Source data:
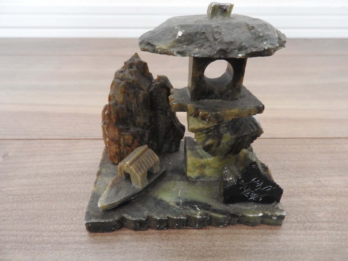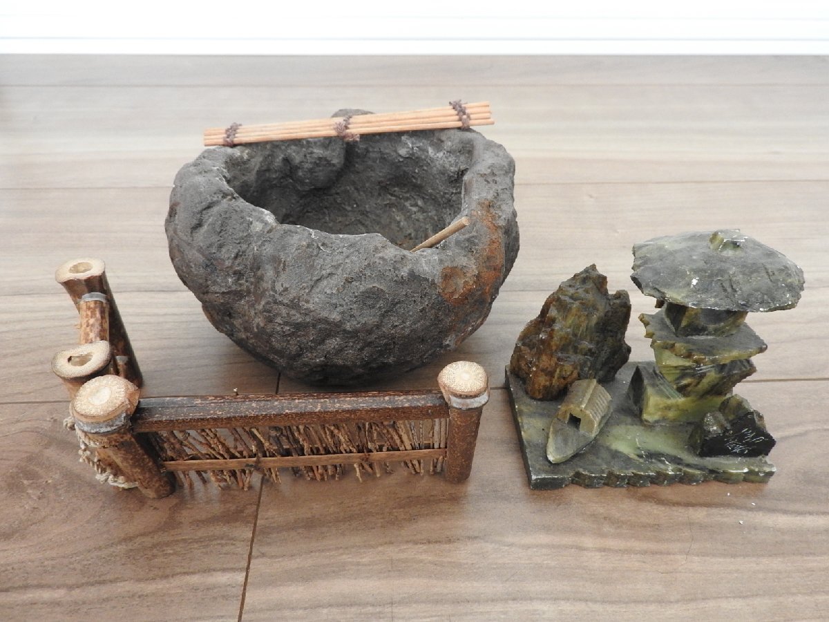 茶道具 茶会 ミニチュア オブジェ 置物 になります。 比較的綺麗な状態かと思います。 【サイズ】 石 ぶオブジェ 幅 7.5㎝ 奥行 4.7㎝ 高さ 7㎝ 陶器 井戸オブジェ 直径 11.5㎝ 高さ 7㎝ 写っているものが全てです。 状態も含めて写真にてご確認下さい。 | ||||
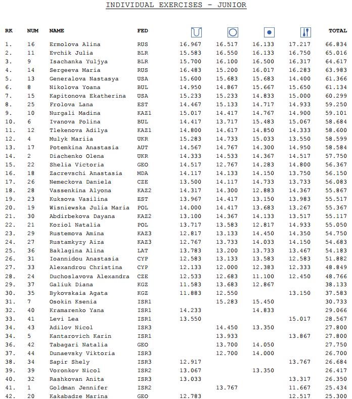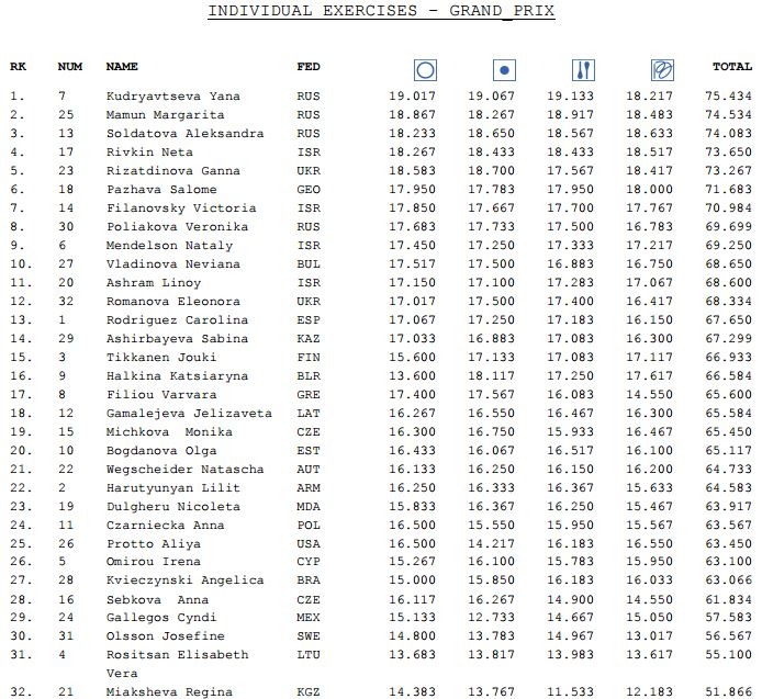 Абсолютная чемпионка мира россиянка Яна Кудрявцева с тремя из четырёх оценок выше 19 баллов уверенно выиграла многоборье. Маргарита Мамун и Александра Солдатова заняли соответственно второе и третье места.В финальных упражнениях на счету Кудрявцевой три «золота» (обруч, мяч, булавы). Упражнение с лентой выиграла украинка Анна Ризатдинова. Традиционно свои медали взяли россиянки Мамун и Солдатова, ещё одно «серебро» в булавах на счету Ризатдиновой. Не менее традиционно, поскольку турнир домашний, две бронзовых медали положила в свою копилку Нета Ривкин.
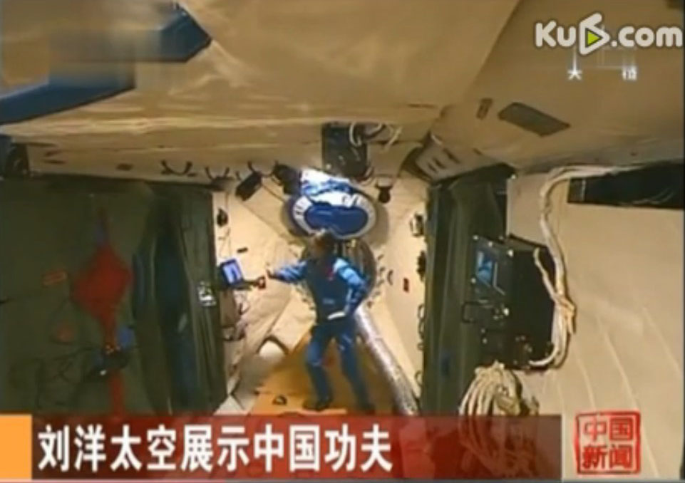 26号晚上是刘洋在天宫一号值守的第二个大夜班,在忙完工作后,她利用值夜班间隙,展示了一段中国功夫。
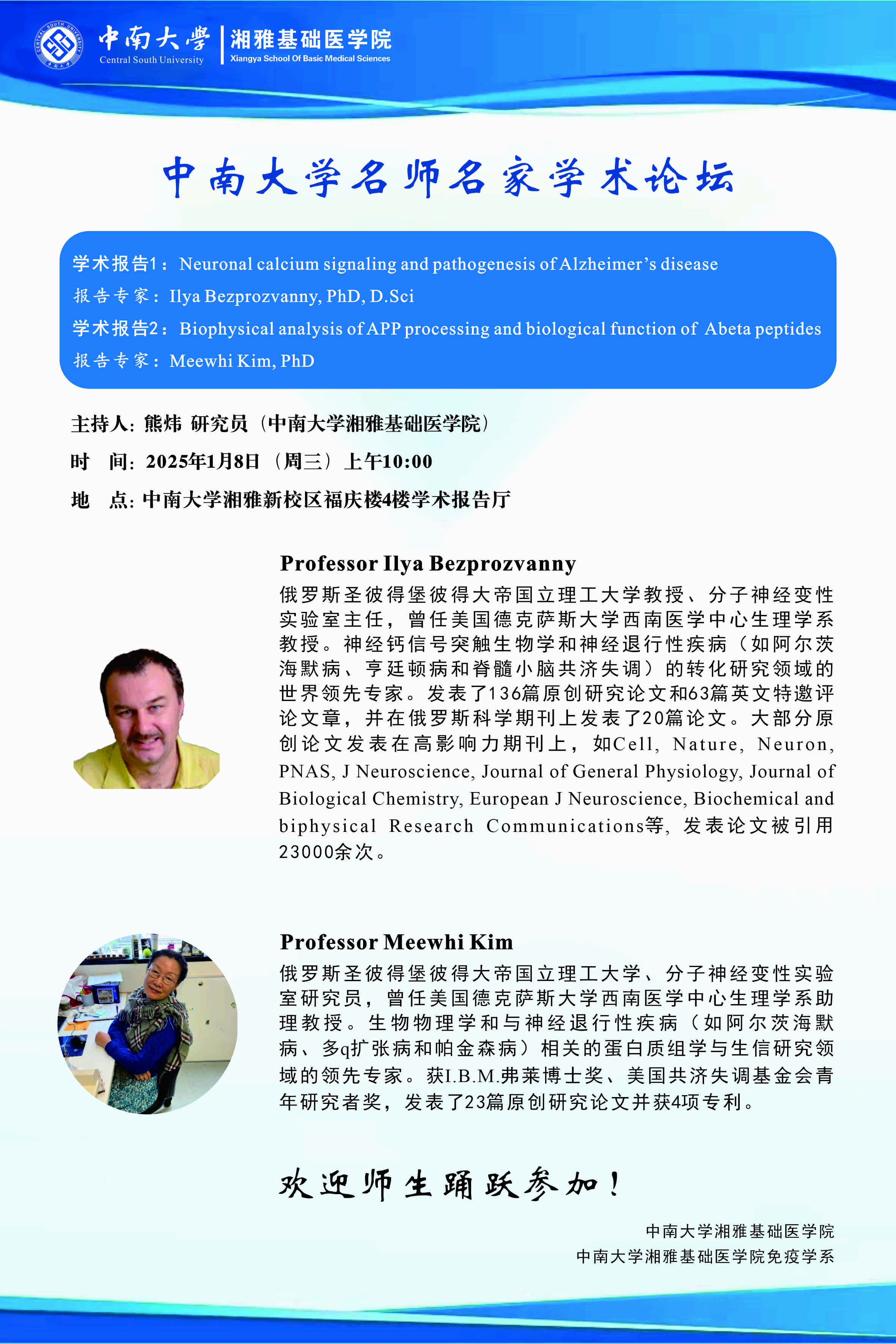 Ilya Bezprozvanny,Meewhi Kim p站视频 湘雅新校区福庆楼4楼学术报告厅 2025年01月06日 10:54 浏览次数:

Your goal: Every line of the material above must be written out exactly, with no pictures.

Result for this exercise:
 茶道具 茶会 ミニチュア オブジェ 置物 になります。 比較的綺麗な状態かと思います。 【サイズ】 石 ぶオブジェ 幅 7.5㎝ 奥行 4.7㎝ 高さ 7㎝ 陶器 井戸オブジェ 直径 11.5㎝ 高さ 7㎝ 写っているものが全てです。 状態も含めて写真にてご確認下さい。 | ||||
 Абсолютная чемпионка мира россиянка Яна Кудрявцева с тремя из четырёх оценок выше 19 баллов уверенно выиграла многоборье. Маргарита Мамун и Александра Солдатова заняли соответственно второе и третье места.В финальных упражнениях на счету Кудрявцевой три «золота» (обруч, мяч, булавы). Упражнение с лентой выиграла украинка Анна Ризатдинова. Традиционно свои медали взяли россиянки Мамун и Солдатова, ещё одно «серебро» в булавах на счету Ризатдиновой. Не менее традиционно, поскольку турнир домашний, две бронзовых медали положила в свою копилку Нета Ривкин.
 26号晚上是刘洋在天宫一号值守的第二个大夜班,在忙完工作后,她利用值夜班间隙,展示了一段中国功夫。
 Ilya Bezprozvanny,Meewhi Kim p站视频 湘雅新校区福庆楼4楼学术报告厅 2025年01月06日 10:54 浏览次数:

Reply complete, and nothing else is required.